Critics of the tradwife trend have deemed it “sexist” and “outdated.” Shutterstock / Tijana Moraca

A designation shrouded in controversy, the tradwife trend has been criticized for prioritizing the puritanical practices of mid-20th century America, when women were thought to be better off barefoot and pregnant — rather than bringing home the bacon. 

But now, the kitchen tables are turning, per Pew Research data.

Analysts recently revealed that 23% of today’s married men are saying adios to the office, in order to care for homes and families — in true tradwife style. 

Now that she’s no longer the tradwife of her home, Sharon’s enjoyed making money as a health care advocate, content creator and podcaster. Lindsey Stewart Photography

It’s a domestic call that Kerry’s spouse, Sharon, dutifully answered for 14 years, owing to the family’s deep roots in the Church of Jesus Christ of Latter-day Saints — a faith that promotes conventional gender roles in marriage. 

But after recently walking away from Mormonism, the ex-tradwife now happily earns a living in health advocacy and content creation — while hubby tends to their abode and brood, ranging from ages 5 to 15.

“It’s great,” Sharon, 38, told The Post. “I’m keeping the lights on and food on the table.”

But that’s not all their gig-switch has been good for.

Sharon, who’s lauded Kerry as “kickass” for setting masculine pride aside to support her vocational aspirations, says the swap has also deepened their appreciation for one another. 
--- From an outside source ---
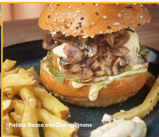
Patate Douce aux Champignons

“Before, we were both just fulfilling these roles that our [former religion] said made us a ‘good wife and mom,’ or a ‘real man and provider,” said Sharon. “We weren’t seeing each other as whole people in a lot of ways.”

“Now, we’re not trying to fit each other into those small, gendered boxes,” she added. “It’s really freeing.”

Matt Lundquist, a psychotherapist and founder of Tribeca Therapy in Lower Manhattan, confirms that balking at antiquated mores can positively impact married pairs.  

“Breaking out of the constraints of the old way of doing things allows both parties to explore and celebrate different parts of themselves,” said Lundquist, a relationship expert of 20 years. 

Research shows that married man in the US are walking away from the workforce to, instead, take on domestic duties. K Seisa/peopleimages.com – stock.adobe.com

The topsy-turvy reversal often comes as a “gift” from one partner to the other, according to the counselor. 

“If a husband’s career has been prioritized,” said Lundquist, “a couple might decide that it’s the wife’s turn to pursue her [professional] dreams while he stays home.” 

It’s an arrangement that’s worked for Mika and Cameron Laidler. He officially abandoned his six-figure post in commercial construction for the homemaker’s hustle shortly after the pandemic. 

The Laidlers tell The Post that their role reversal benefits the marriage, home and children. Courtesy Mika and Cameron Laidler

“I used to work out of town, commuting a couple hours six days a week for 15 years,” said Cameron, 38, a father of five kids under age 5, from Sacramento, California. “But I didn’t want to keep missing milestones in my kids’ lives.”

Mika, who works in local government, told The Post becoming the sole provider is her way of thanking Cameron, her high school sweetheart, for his years of sacrifice. 

“He financially supported me while I was in college,” said Mika, 37. “And now, I’m using my degree to earn a salary that our family relies on — so it’s like I’m paying him back for the investment he made in me.”

But giving up the daily grind is no cakewalk for Cameron, whose housework and kiddos keep him on his toes. 

“I wake up around 4:00 a.m., exercise, get our oldest ready for prekindergarten, make breakfast, feed the kids before we play or do an activity,” said the devout doer, who often treats Mika to coffee in bed before she leaves for work.

“The rest of the day, I’ve usually got a kid in one hand while I’m vacuuming or doing laundry with the other,” he confessed.

Cameron manages to remain unfazed by the scathing remarks of online haters. Courtesy Mika and Cameron Laidler

And his ego isn’t easily bruised by mean-spirited nicknames like “house-mom” or “tradwife” — epithets often hurled his way via social media trolls. 

Like a duster, he simply brushes off the shade.  

“I love being a present parent and husband,” said Cameron. “I just want to do what’s right for my family.”